Yep, it's a pretty sad state of affairs. Two particularly regrettable circumstances have come into play in my situation. The first being that I had no warning signs whatsoever that things were 'that bad' and was just told out of the blue that she wanted me to leave. Tjhere was nothing 'so' bad that couldn't have been easily fixed with a bit of effort. To make matters worse, she'd made her mind up about this around New Years Eve. She told me a week later. In between that time, she went on a goddamned spending spree with my credit card (including a freaken $650 vacuum cleaner... spending 3K all up), leaving me with a fairly hefty bill and not enough cash to cover it - let to pay for alternative accomodation. Thankfully I can stay at my bro's house for a while, which luckily, is nice and close to PPB. A fine place to start working on the content for said book (which yeah, could take well more than 2 years to complete).

I've already found a publisher (familiar with some of my work) that has agreed in principle to publish the book when it's done. But to make this happen, a lot of pieces have to fall into place before embarking on the journey. There's more than one way to skin a cat, so I'm still trying to decide to undertake this venture as a business or as a non-profit organization (I have potential angles on both, which I'll talk more about when I've fleshed them out more fully). It's likely I'll be seeking out sponsorship and or organizations for support.

I think my gear list is near complete, but I'm still interested in anything any of you guys would consider essential, either as a fishing/yak/first aid/communications or camping accessory.

I'll start another thread in which I'll be requesting members to give me some of the best known or best producing fishing spots in their respective states that are suited to kayak fishing. No fear - I won't be asking for GPS marks or anything. I just need to put together a tour map, to give myself a good approxamation on what route I'll take, which destinations I'll be sure in investigate and how long for.

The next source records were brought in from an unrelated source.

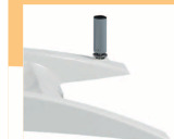
PKAZP004 Holder of infusion stand
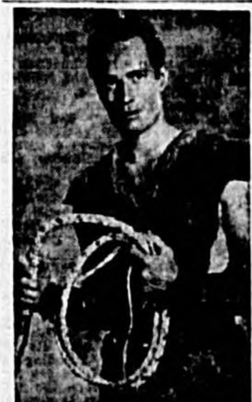
CHARLTON HESTON stars in "Ben-Hur" coming to the MovieLand Drive-In Nov. 3 for a five day run.

American-International's "The Pit and the Pendulum," which opens at the MovieLand on Sunday, brings to the screen Edgar Allan Poe's most famous terror classic which proudly takes its place beside that studio's previous Poe tale, "The Hound of the Usher."
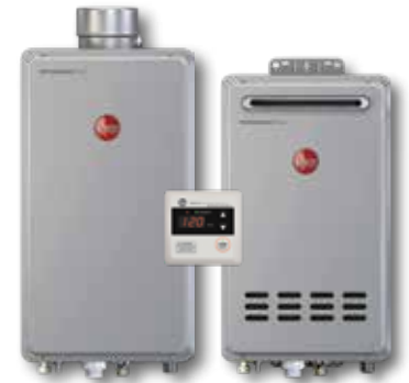
Indoor DV Outdoor PERFORMANCE PLUS Non-Condensing Tankless 11,000-199,900 BTU/h

See Warranty Certificate for complete information
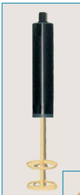
Faired Acoustic Sensor
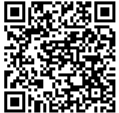
SCAN TO LISTEN
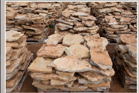
Forest Marble Crazy Paving Natural Riven 300x300 – 500x500 Product code: LQ 5151
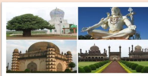
Golgumbaz, Shivagiri at Vijaypur
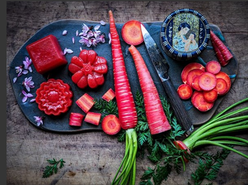
Kyoto Red carrot
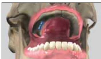
Delivery of implants

Oh, and thanks for the condolences guys - much appreciated. It's been a pretty tough time but I am as Ray Martin would say, a 'good aussie battler'


----------



## hairymick (Oct 18, 2005)

heya Fifth,

been there, done that divorce thing too. Not pretty. As has been said before, if you possibly can, STAY OUT OF THE COURTS.

BTW,

Q. how do you tell if your X is telling you lies?

A. Their [email protected]*$ing lips move :lol:


----------



## Zed (Sep 18, 2006)

I know it's tense and I don't mean to make light, but my pop told me this one:

Why is divorce so expensive?

Because it's worth it.

Cheers to '07! Hope to see a copy up under a US publisher.

Z


----------



## Grogfather (Jan 8, 2007)

Sorry to here news like that 5th.
Light weight gears the go for sure. But I think the essential item would be an esky, optimism and a big smile.
Gaz


----------



## JD (Jul 2, 2006)

Depending on the $s available, I'd have a 4wd and a camper trailer, also a small tent for overnight trips into more remote areas. I'm not one for staying in other peoples houses for long. A Waco (or similar) fridge, and the usual camping gear. And don't forget the kayak and fishing gear, a digi camera to record all the great things you're going to see. Then you can post them for us, 'cause you'll have the laptop. I've always said if for some reason I was on my own I'd do just what you're planning. Remember you can aways pickup bits and pieces along the way.Good luck.


----------



## sam60 (Aug 30, 2005)

yeah i agree try to keep out of the courts...... been and still going through it. But an idea out of left field that may get you money on the way....look at the harvest trail....fruit and veg picking or jobs in resorts working around OZ, the fruit picking gets you money and you can get ideas on good fishing spots too. All the best.


----------



## Guest (Jan 27, 2007)

I'll be doing my best to keep it out of the courts, but being reasonable hasn't been her strong point of late, so who knows. More than one way to skin a cat though - one can't get blood from a stone, and I know how to be a rock.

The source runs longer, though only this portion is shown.